--- START ---

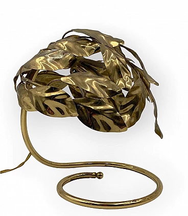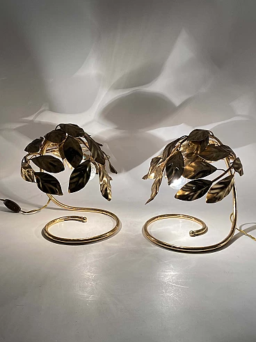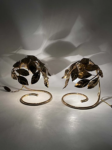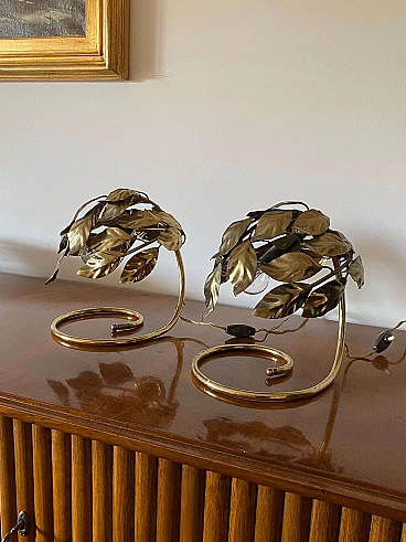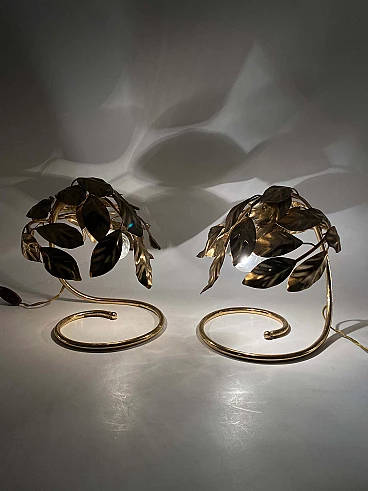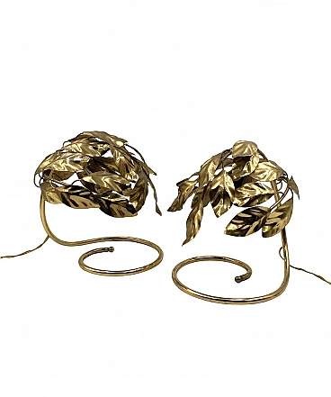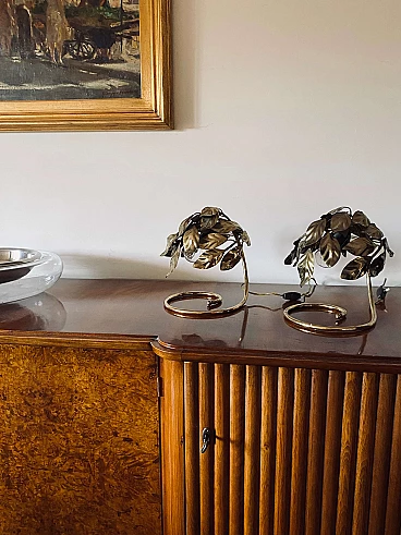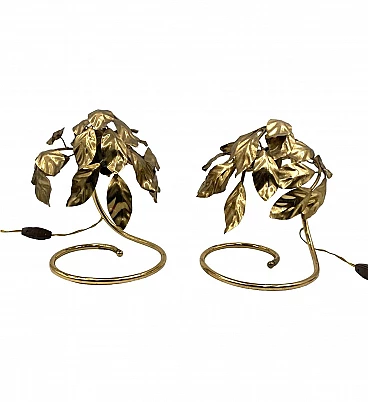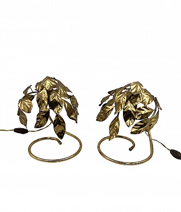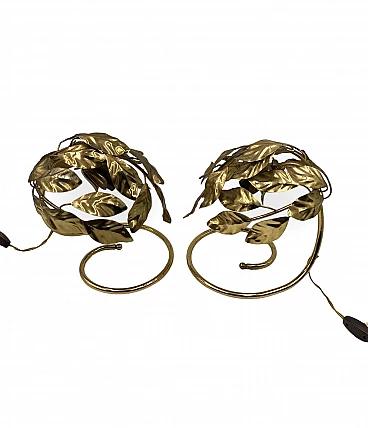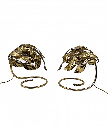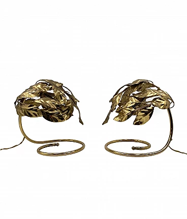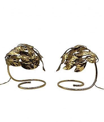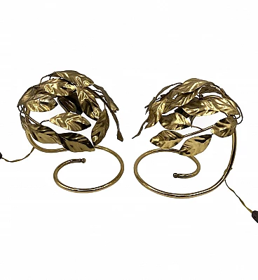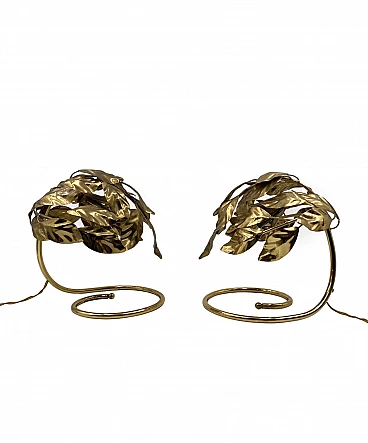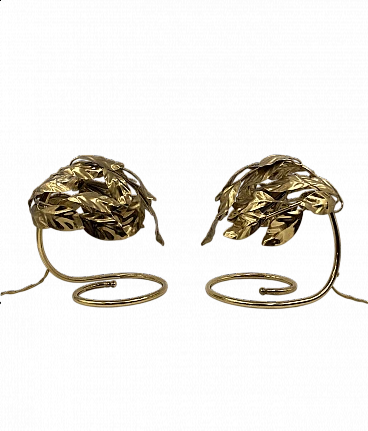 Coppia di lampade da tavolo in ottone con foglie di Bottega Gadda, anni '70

--- END ---
--- START ---

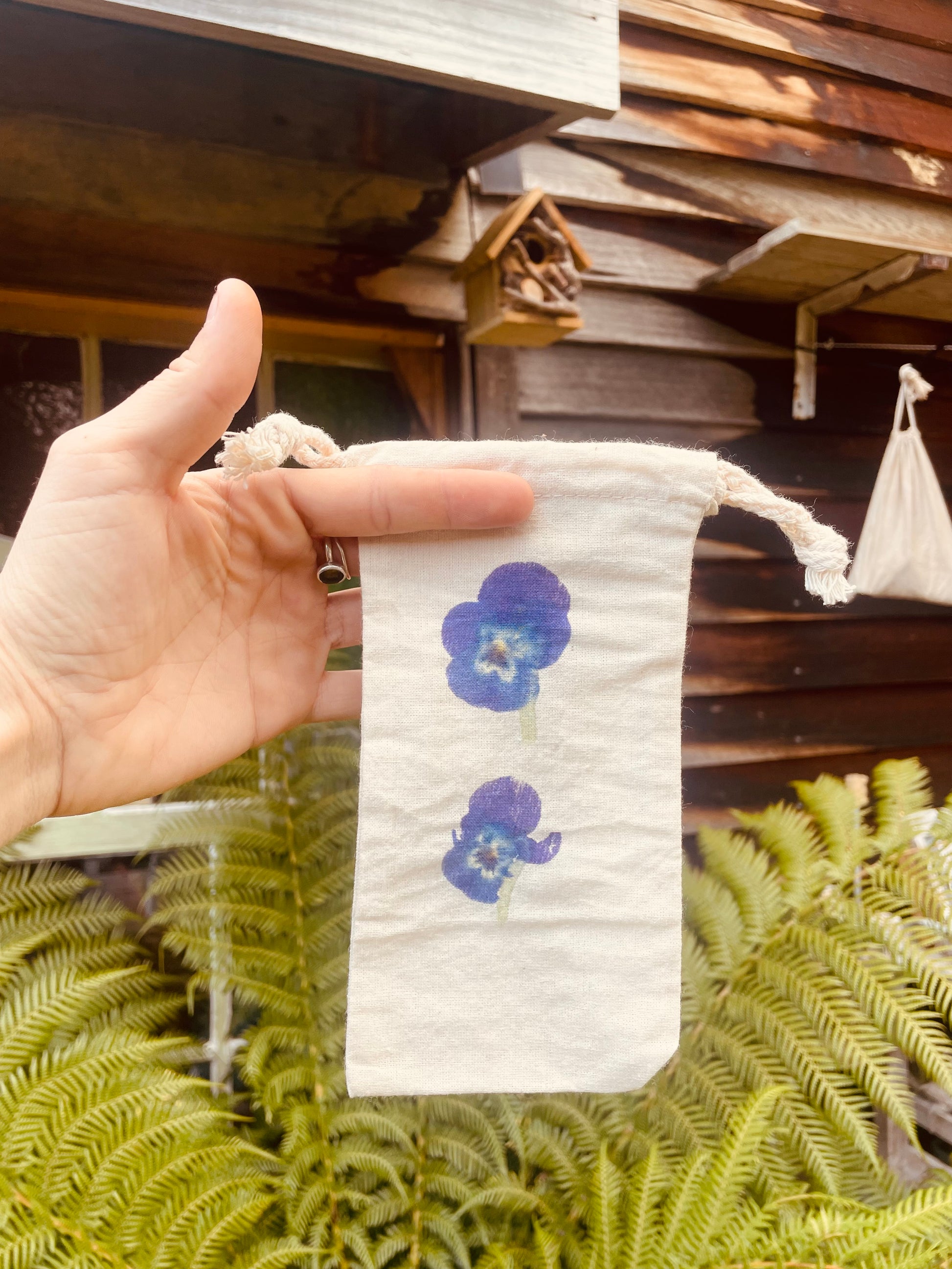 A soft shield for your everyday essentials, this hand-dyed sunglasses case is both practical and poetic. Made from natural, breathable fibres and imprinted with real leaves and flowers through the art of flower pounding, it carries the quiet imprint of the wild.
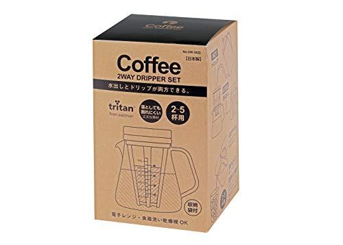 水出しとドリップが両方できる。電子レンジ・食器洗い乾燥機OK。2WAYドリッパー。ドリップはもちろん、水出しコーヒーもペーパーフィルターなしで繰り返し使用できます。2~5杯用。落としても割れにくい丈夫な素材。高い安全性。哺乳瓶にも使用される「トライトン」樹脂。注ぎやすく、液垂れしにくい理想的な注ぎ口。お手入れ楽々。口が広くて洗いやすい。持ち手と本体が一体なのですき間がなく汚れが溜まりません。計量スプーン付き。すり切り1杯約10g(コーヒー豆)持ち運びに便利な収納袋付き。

--- END ---

— Assignment —
An exact copy is needed of the entries above, starting at the line that holds "A soft shield" and stopping at the line that holds "水出しとドリップが両方できる", both kept; pictures stay out.

— Output for this task —
 A soft shield for your everyday essentials, this hand-dyed sunglasses case is both practical and poetic. Made from natural, breathable fibres and imprinted with real leaves and flowers through the art of flower pounding, it carries the quiet imprint of the wild.
 水出しとドリップが両方できる。電子レンジ・食器洗い乾燥機OK。2WAYドリッパー。ドリップはもちろん、水出しコーヒーもペーパーフィルターなしで繰り返し使用できます。2~5杯用。落としても割れにくい丈夫な素材。高い安全性。哺乳瓶にも使用される「トライトン」樹脂。注ぎやすく、液垂れしにくい理想的な注ぎ口。お手入れ楽々。口が広くて洗いやすい。持ち手と本体が一体なのですき間がなく汚れが溜まりません。計量スプーン付き。すり切り1杯約10g(コーヒー豆)持ち運びに便利な収納袋付き。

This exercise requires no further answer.